Figure 6. Effect of reaction time on bioethanol concentration for different periods.

3.3.2. Effects of Voltage and Current Curves on the Direct-Ethanol SOFC

To evaluate the effect of operating voltage on the performance of the direct-ethanol SOFC in the proposed system, as well as to perform model validation with data from the literature [39], the simulations are conducted across a current density range corresponding to operating voltages from 1.12 V to 0.63 V, as illustrated in Figure 7. As the current density rises, which is supported by both the simulation results obtained in this study and the experimental data given by the literature [39], the inherent voltage losses become increasingly obvious, leading to a continuous decline in the output voltage. It can be found that the simulation results during specific operating intervals exhibit strong agreement with the experimental data. The relative error in the voltage output is less than 5% when the current density changes from 0 to 0.5 A/m2, while the value becomes more noticeable by ignoring the voltage loss in this study, which is generated by activation over-potentials in anode/cathode. Indeed, both the mechanism and the data-driven modeling of SOFC have been extensively studied in the recent literature, whereas the research of the highly integrated SHF process and SOFC will try to find possible better solution for achieving appropriate energy efficiency during biofuel production and utilization. Therefore, the investigation of this work is focused on analyzing the feasibility of the overall system through thermodynamic evaluation rather than pursuing further model validation.
Figure 7. Effects of voltage and current curves on the direct-ethanol SOFC.
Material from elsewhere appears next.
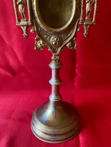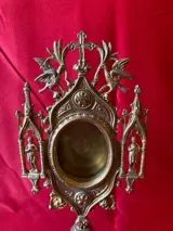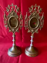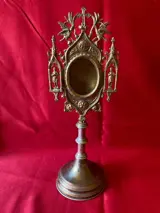 Paar monstransen voor reliekschrijnen, begin 20e eeuw, in verguld brons. Gebruikt missen ze het voorste glas en worden ze aan de achterkant afgesloten door een metalen deksel. De voet en de steel zijn eenvoudig liggend rijk is de versiering van het bovenste gedeelte waar 2 heiligen zijn afgebeeld op de zijkanten van de kast staan bovenaan twee adelaars, symbool van Christus, waarvan zij de hemelvaart en het koningschap voorstellen. Ten slotte maken de Psalmen het een symbool van spirituele regeneratie, zoals de feniks. De twee adelaars worden ondersteund door de gastheer van een klein kruis dat er bovenop is geplaatst.Elk reliekschrijn is 33 cm hoog, heeft een breedte van 12 cm op het maximale punt en een basisdiameter van 10 cm. Het aangegeven gewicht van 1100 gram slaat op beide. De ene reliekschrijn weegt ongeveer 550 g, de andere ongeveer 548 g.

3.3.3. Effects of Concentration of Bioethanol and Current Curves on the Direct-Ethanol SOFC

The involvement of bioethanol in the SOFC plays a pivotal role in linking bioproduct generation with electrochemical conversion processes. Accordingly, this section focuses on examining how bioethanol output directly affects the current density. As depicted in Figure 8, an increase in bioethanol concentration supports the power generation. A near-linear relationship emerges between bioethanol concentration and current density, although the comparatively higher current density appears at the lower bioethanol concentration. This trend implies that the rate-determining effect of the bioethanol-driven SOFCs can be considered. The observed enhancement can primarily be attributed to two underlying factors. First, the sufficient supply of bioethanol within the electrochemically active zone, particularly near the anode–electrolyte interface of the SOFC, promotes an increase in current density. Second, an increase in current density results in greater overpotential heat generation within the membrane electrode assembly, which could favor more complete bioethanol conversion from the thermodynamic perspective. Thus, it can be found that reducing the amount of the supplied bioethanol diminishes both the electrochemical performance and the possible bioproduct integration, particularly when the SOFC operates as part of a broader energy hub incorporating multiple energy sources for conversion and utilization. On the other hand, supplying an excessively high quantity of bioethanol introduces additional parasitic energy consumption. Consequently, in practice, optimizing the bioethanol feed rate to be transported into the SOFC becomes an important consideration for system designers, representing a trade-off between long-term durability and overall energy efficiency [40,41].
Figure 8. Effects of bioethanol concentration and current characteristics on the SOFC at an operating temperature of 750 °C.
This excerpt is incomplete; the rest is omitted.